The week I was sick, I was only able to get to the gym twice and neither time was a good idea. I tried to make up for it this week that just concluded. I went five times. If we finished up work early enough last night, I would have gone then, too, but the gym closes at 7 on weekends. Today I pushed myself extra hard because I was nearing my next goal and I wanted to squash it this weekend. I broke the 500 mile mark and I'm so pleased with myself. I'm closing in on the half way point and it's making me giddy. I'm going to try to get back into my normal gym days this week, but I'm going tomorrow, a normal off day. The reason is the sheer volume of calories I took in today. I had a sundae tonight to make the fattest person feel queasy. Chocolate pudding, chocolate/peanut butter ice cream, whipped topping and banana bread, which I made fresh this afternoon before the bananas I had over ripened. I almost added peanut butter chips, but I thought that would have been overkill.

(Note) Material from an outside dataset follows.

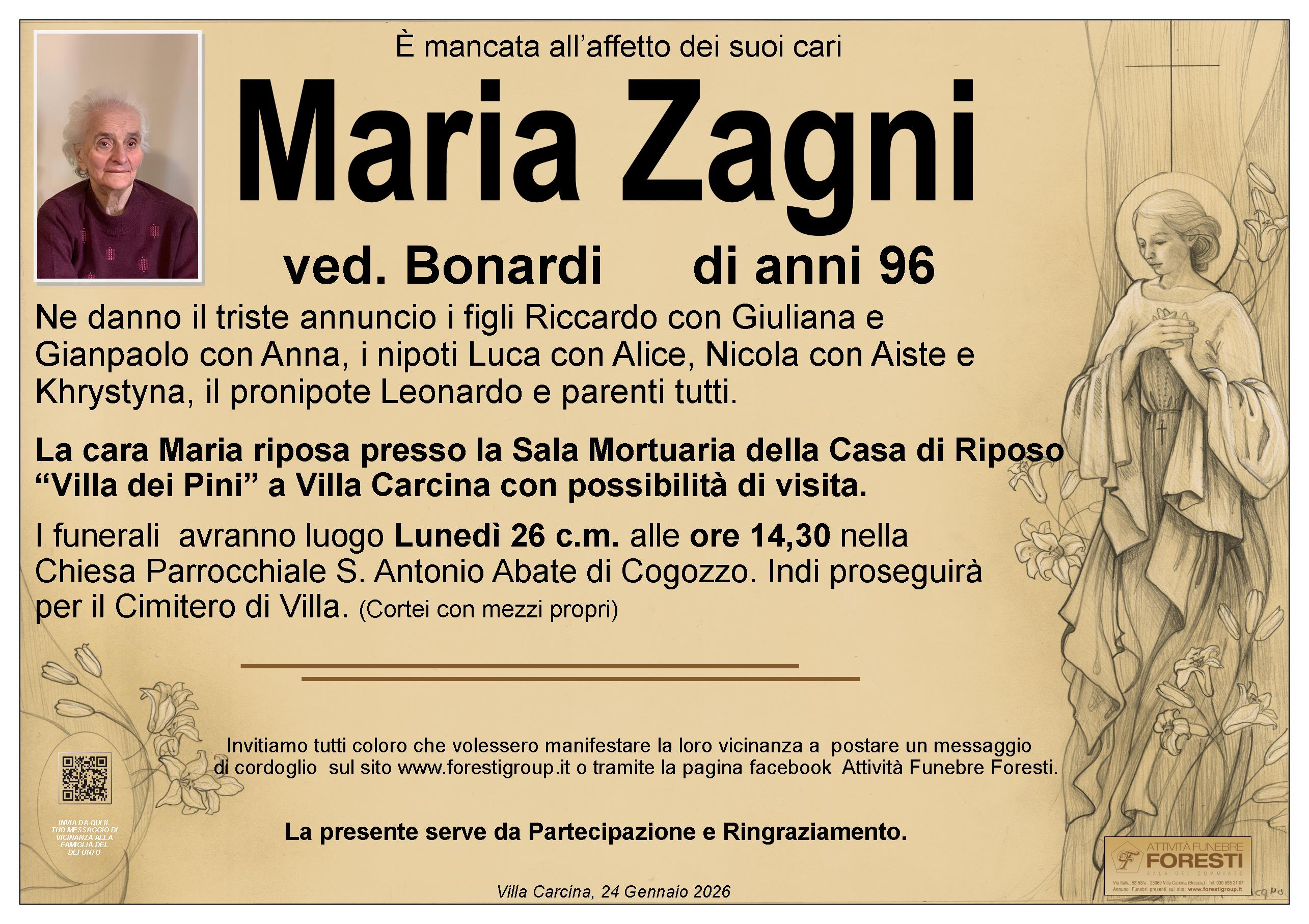 La cara Maria riposa presso la Sala Mortuaria della Casa di Riposo “Villa dei Pini” a Villa Carcina con possibilità di visita.
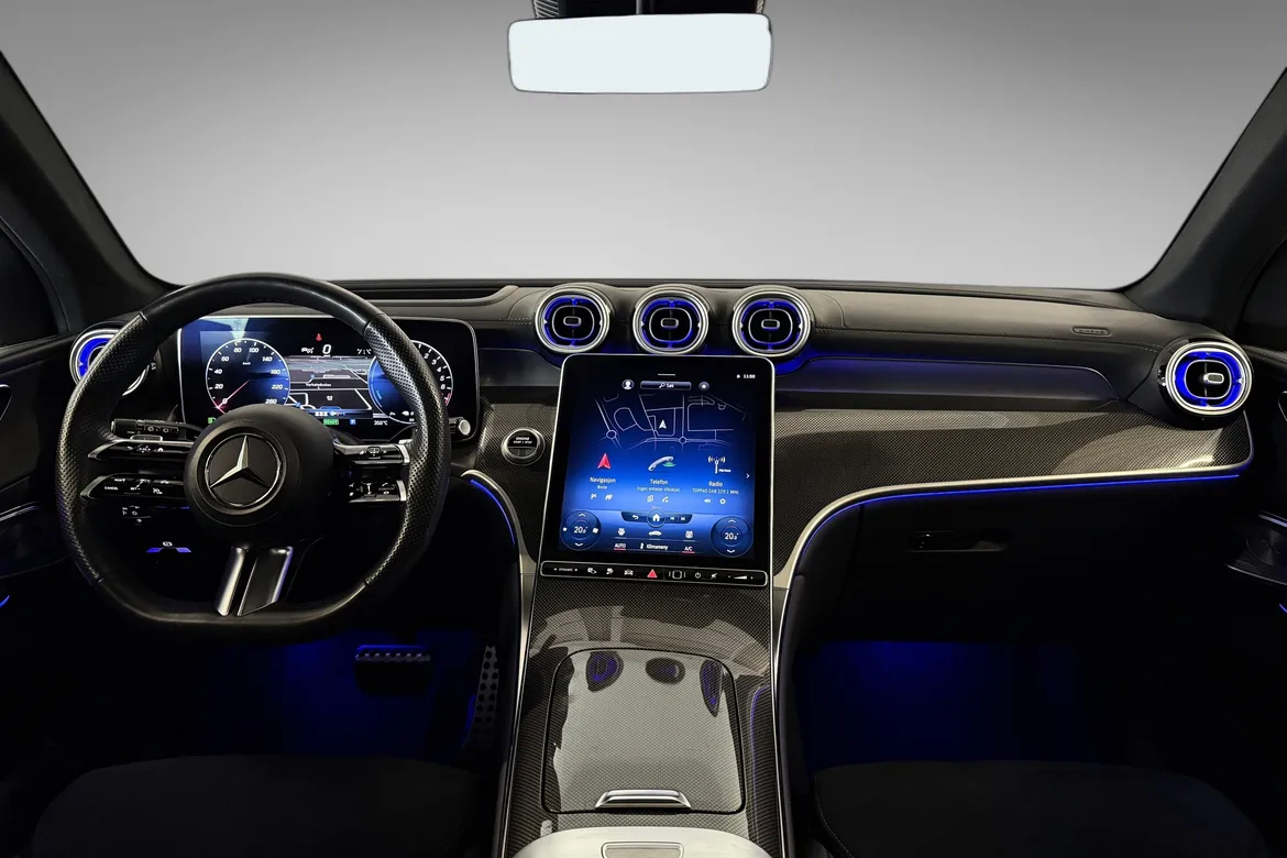 AutomatVi har nå inne denne meget flotte Mercedes-Benz GLC300e ladbar bensin hybrid, med høyt utstyrsnivå til en hyggelig pris. Bilen har en stilfull hvit metallic farge i kombinasjon med mørke eksteriørdetaljer (nattpakke), AMG stylingpakke, mørkt interiør med sort taktrekk og panoramatak.

I'm kind of excited, in a geeky kind of way. Over the last couple of years, Albany has seen the return of the Comic Convention and each time it comes around, it seems to grow a little more and a little more. Plus, the New York City Comic Con has flourished and is now a must-do event. That being said, something I've always been jealous of are people who have sketchbooks full of sketches from comics pros. The way to fill these books is by attending shows. I've decided that since I now have access to semi-regular shows, I want to start my own book. I went out and bought a blank book this week and hope to get the ball rolling next month at the next Albany Con. I've always loved looking at the books friends and acquaintances have and am anxious to get mine going. I thought at first I'd just start buying sketches and framing them, but I'm running out of wall space in my comics cave. The book is the best alternative to this.
I feel like I've got other stuff to write about, but I'm drawing a blank, which is probably a good thing. I really need to think about winding today down. I've been up since 6 and it's been a long, long Sunday. And I feel good about getting caught up with my comings and goings.